Ungar was born in July 1929 to a prosperous Modern Orthodox family in Budapest.[vii] Ungar’s pleasant suburban childhood came to an abrupt end with the Nazi occupation of Hungary, late in the war. The Jewish population were rounded up; in a single bloody year their numbers were cut down from 800 000 to 160 000. The Ungar family hid away under false identities in a non-Jewish part of town. The horror of Nazism, witnessed at first hand, would colour Ungar’s attitudes for the rest of his life. [viii]

He was selected to join a group of Eastern European teenagers invited to Manchester, England, by the youth movement Bnei Akiva, for a six weeks course in advanced Jewish studies. He received word from his father that the Russians were about to seize control of Hungary and he should not return.[ix] He studied philosophy at the University of London, became a vegetarian, and began having his first doubts about Orthodox Judaism.
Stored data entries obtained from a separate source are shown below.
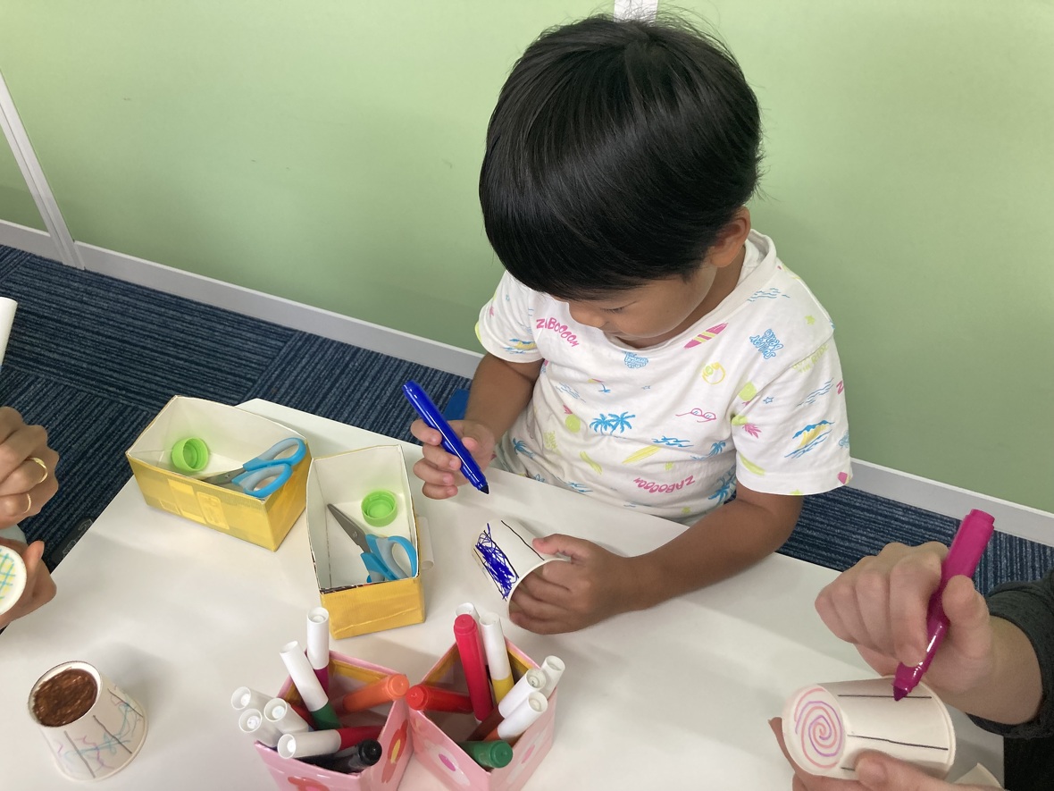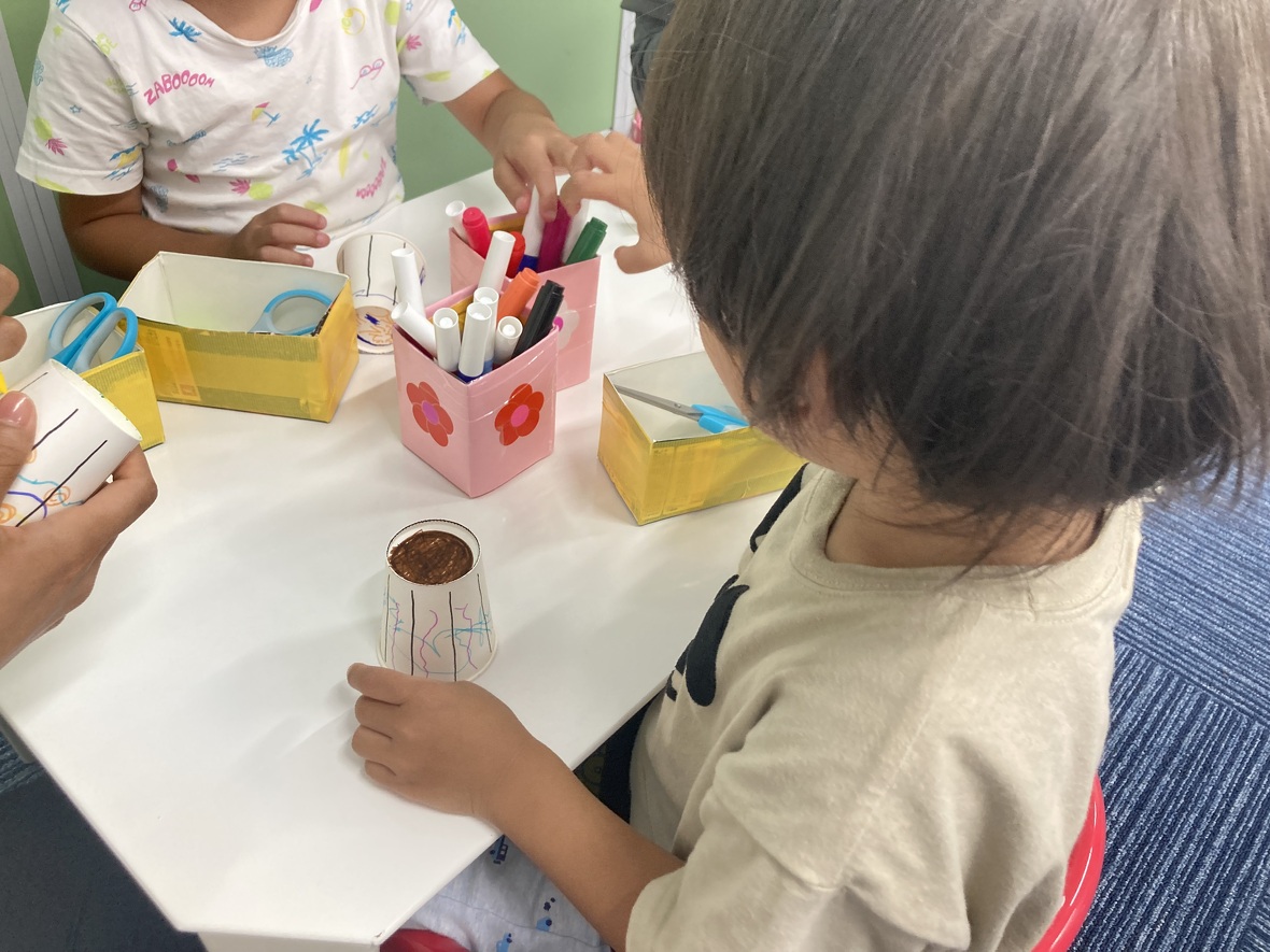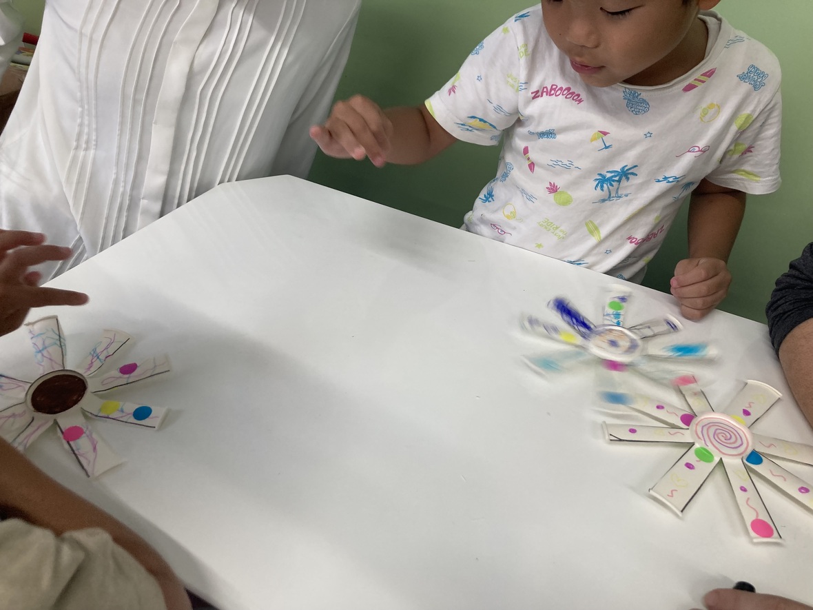 2023年08月02日(水) スタッフブログ 制作「コマを作ろう」紙コップで??? 今日は”制作”の日。なんと紙コップを使ってコマを作りました。まずは紙コップに好きな模様を描きましょう☆次はハサミでチョキチョキ切って♬出来上がったコマは、とてもよく回りましたよ!!
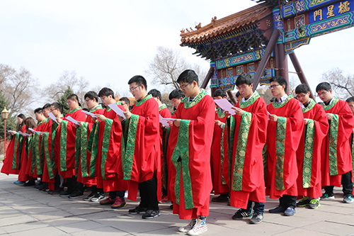 在仪式上,红足官网历史文化旅游学院的同学们还身着汉服,齐声朗诵国学经典诵读国学经典《论语》和《大学》选段。
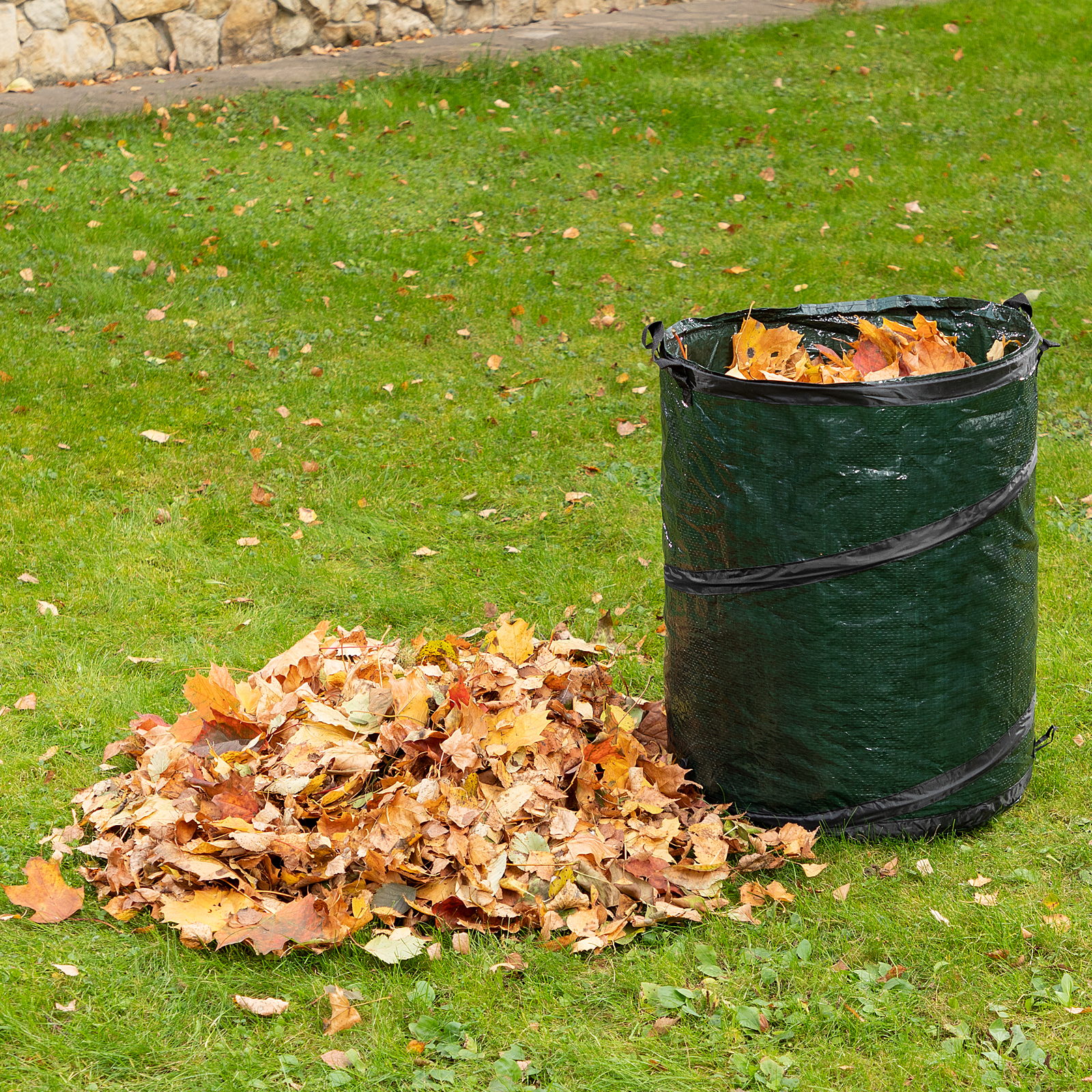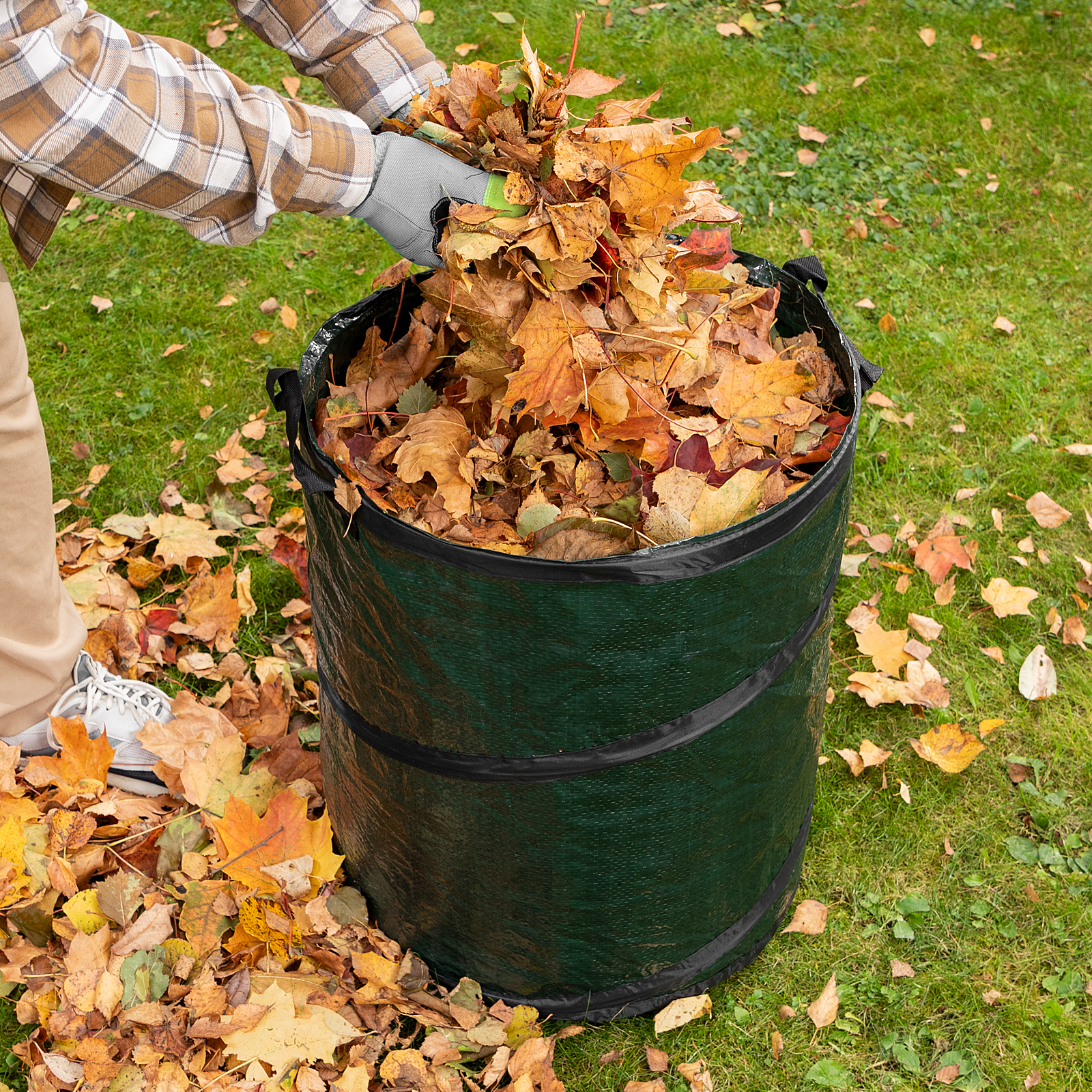 Складной садовый контейнер с ручками Palisad 64495 вместимостью 95 л используется для уборки опавших листьев, срезанных веток и другого садового мусора.
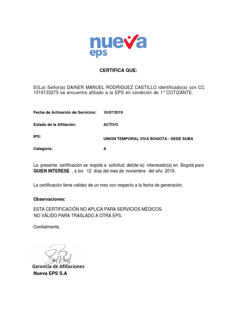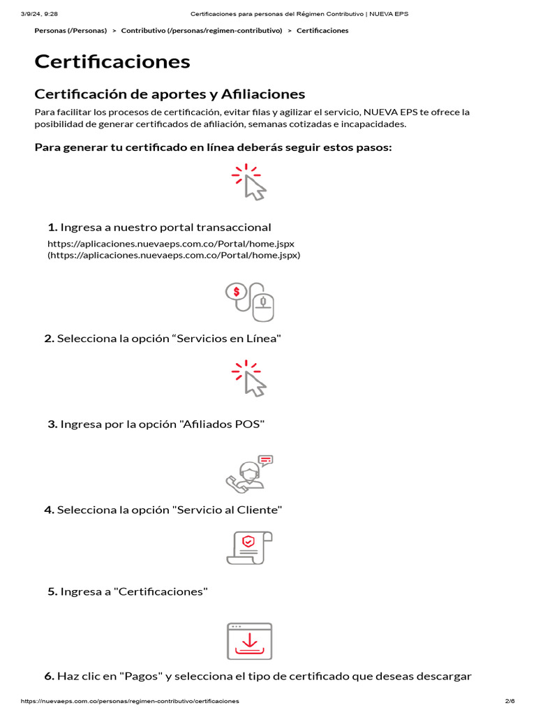 Certificaciones para Personas Del Régimen Contributivo NUEVA EPS
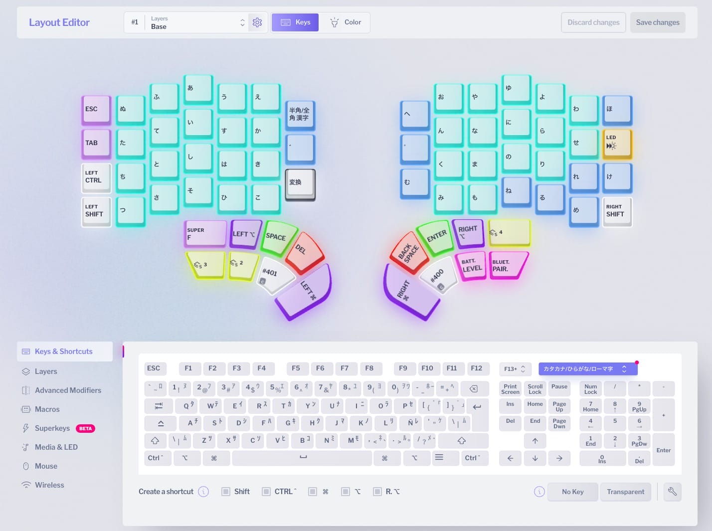 キーマップの変更だけでなく、同じくBazecorのレイアウトエディタ上で、キー1つ1つを色分けすることができる。色分けはレイヤー毎にも変更が可能だ。
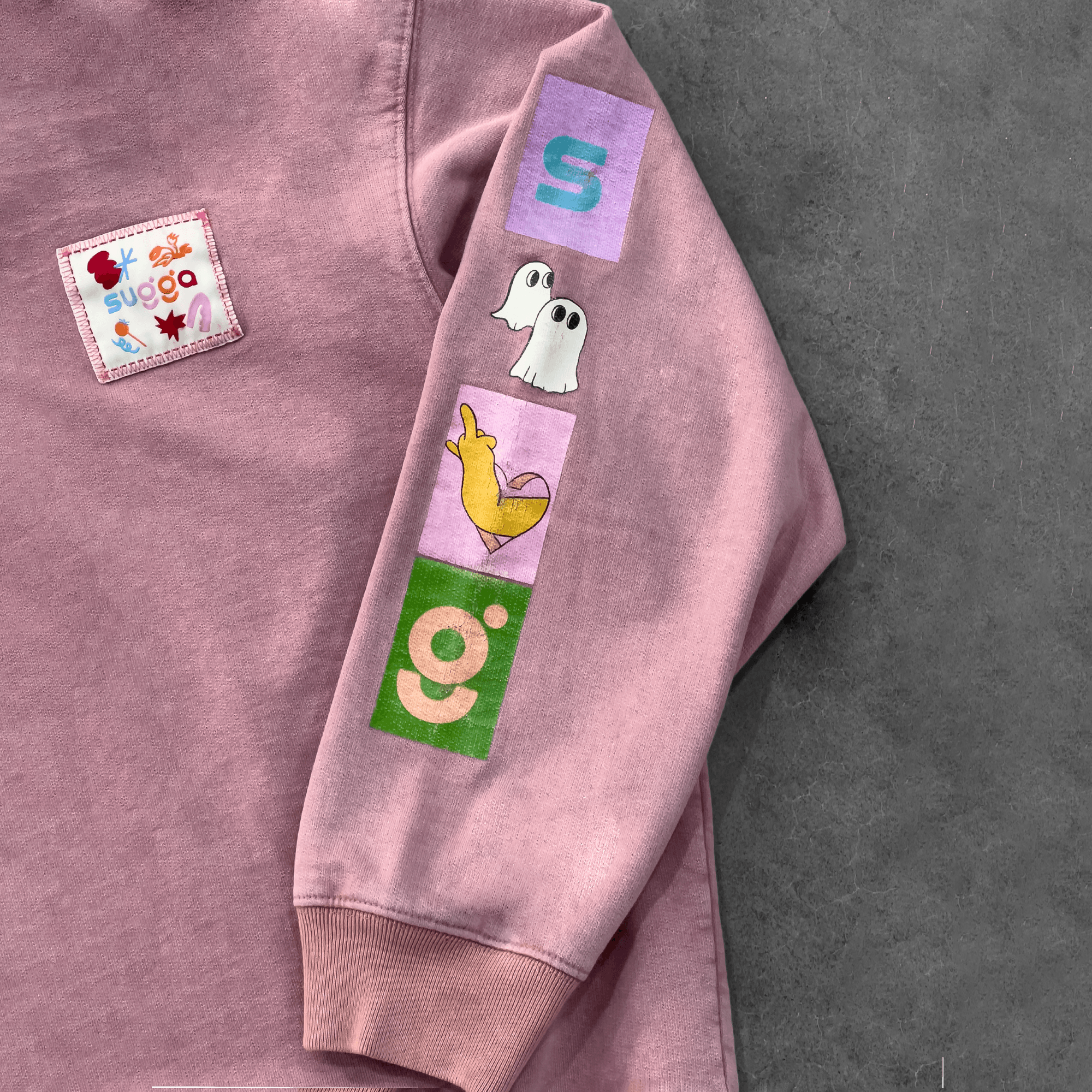 Ribbed collar, cuffs and bottom. Printed sleeve. Sugga matrix printed inside hoodie. Acid Washed. Cracked Print Material : 100% Cotton Colour : Salmon
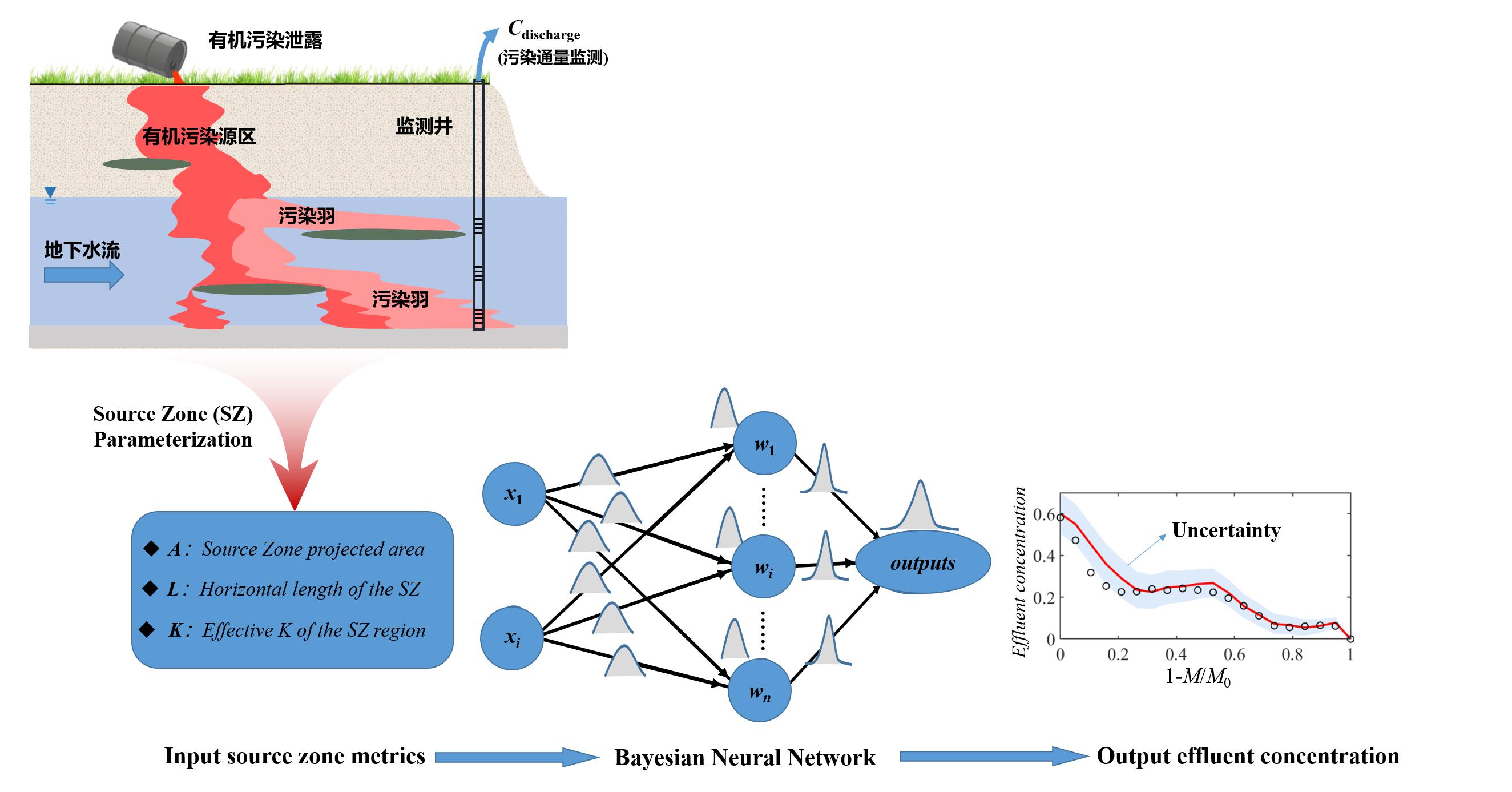 近日,永利官网吴吉春教授与施小清教授研究团队提出了一种基于可解释性神经网络研究地下水有机污染源-羽质量传输机制与污染通量预测的新方法。针对“有机污染源结构-污染羽”之间强非线性难表征的问题,研究团队构建了贝叶斯神经网络框架,首次从数据驱动的角度学习“有机污染源-羽”之间的复杂关系,并通过机器学习反向解译技术“期望梯度法”(Expected Gradients)剖析了有机污染源多阶段非线性溶出的物理成因及主控因素,发现污染源衰减初期的污染通量峰值主要受控于低饱和污染源的垂向展布,而衰减后期的污染通量拖尾值主要受高饱和污染源的横向长度与渗透性的综合控制。基于上述理论发现,研发了基于深度学习的有机污染源溶解升尺度预测模型,仅凭少量源区结构参数即可精准模拟多阶段非线性溶解过程,可为有机污染场地管控及风险评估提供有力的技术支撑。

He trained as a minister at Jews College, and was ordained a Reform rabbi in 1954 by no less a mentor than Rabbi Leo Baeck, the sole surviving leader of German Jewry, who had miraculously survived the concentration camps.

He received a tempting invitation to become rabbi to a four-year-old Reform congregation in Port Elizabeth, South Africa. Ungar flew to Port Elizabeth in January 1955 with his wife Corinne, and baby daughter Michelle, to a generous reception. [x] His first introduction to the peculiarities of South African practice was when he arrived at his new apartment to find an African woman sitting in the kitchen, and was told that he was expected to engage her as a maid.[xi]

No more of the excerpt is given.